Chomsky went on to say that he has no particular method of investigation at all, what he does is "look hard at a serious problem and try to get some ideas as to what might be the explanation for it, meanwhile keeping an open mind about all sorts of other possibilities".

Such a statement might sound surprising, almost like an exercise in mystification, as though he is trying to make what he has achieved accessible but the route by which he travelled inaccessible. This is common amongst professionals and 'experts' generally, including many so-called teachers. We try to follow the process by which they arrived at a solution, then discover the destination becomes as mysterious as the route.

It is a serious problem. Whole areas of experience and knowledge are hived off from ordinary men and women and children. Society is controlled by those who are 'paid to know', the specialists. In recent years the most famous international expert on global affairs has probably been Henry Kissinger, someone whose downright "ignorance and foolishness" Chomsky describes as a "phenomenon".

Nevertheless, when sponsored by the might of the U.S. military, the power exercised by such a person is life or death - as in Angola for example, where he "tried to foment and sustain a civil war simply to convince the Russians that the American tiger could still bite." Human suffering is of no account and the economic cost is next to irrelevant since in political affairs of state such costs "are always public" anyway; only the "profits are private". All talk of morality as a value is naive. If morality does exist it is to be regarded as a separate field of endeavour, like experimental physics or mechanical engineering or opera. Even genocide is consigned to the realm of tactics and becomes 'wrong' only when its "effects are debatable and are likely to provoke hostile reactions in world capitals".
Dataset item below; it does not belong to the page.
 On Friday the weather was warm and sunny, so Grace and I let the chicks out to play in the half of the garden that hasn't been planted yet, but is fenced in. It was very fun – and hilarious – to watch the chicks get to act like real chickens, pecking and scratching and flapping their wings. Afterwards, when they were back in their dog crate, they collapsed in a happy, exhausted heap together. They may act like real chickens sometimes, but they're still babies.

But at its official level international reaction is fairly predictable. It depends on who is doing what and to whom, and the profit involved. In 1974 the country of East Timor, with a population less than that of Glasgow, was attempting to determine its own existence; like Angola this was after the horrors of Portuguese fascist colonisation. Four years later a quarter of its people had been massacred after an invasion by Indonesia, 90% of whose military supplies came directly from the U.S.A.:

but while (they were) the major foreign participant in the slaughter, the others tried to profit as they could and kept their silence. In Canada, the major Western investor in Indonesia, the government and the press were silent (while in France) Le Monde reported in 1978 that the French government would sell arms to Indonesia while abstaining from any U.N. discussion of the invasion and in general doing nothing to place ‘Indonesia in an embarrassing position.’

This is only one instance from an enormous number cited by Chomsky. But after a time statistics dull the senses, including those concerned with wholesale slaughter, as he reminds us:

You see what they mean when you look more closely at the refugees' reports: for example, a report by a few people who succeeded in escaping from a village in Quiche province (Guatemala) where the government troops came in, rounded up the population and put them in the town building. They took all the men out and decapitated them. Then they raped and killed the woman. Then they took the children and killed them by bashing their heads with rocks.
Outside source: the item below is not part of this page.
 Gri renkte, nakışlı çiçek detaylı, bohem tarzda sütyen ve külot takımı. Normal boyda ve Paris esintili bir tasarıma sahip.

Reports of atrocities by refugees are difficult to cope with. We are not used to such testimony, not unless, perhaps, the refugees are in flight from the same ideological enemy as ourselves.

If Chomsky has a specialist subject then it might be argued that it is not linguistics, nor the philosophy of language, rather it is U.S. global policy, with particular reference to the dissemination of all related knowledge. When he says he has no 'method of investigation' we would be as well asking to what the term could refer. Is having a 'method of investigation' the same thing as having a system of rules and procedures worked out in advance so that we know how to proceed in problem solving? Should we be thinking of 'induction' or 'deduction', or 'dialectics' or 'structuralism'? What do these things mean? Before going off to investigate something are we supposed to go away and learn a method of investigation?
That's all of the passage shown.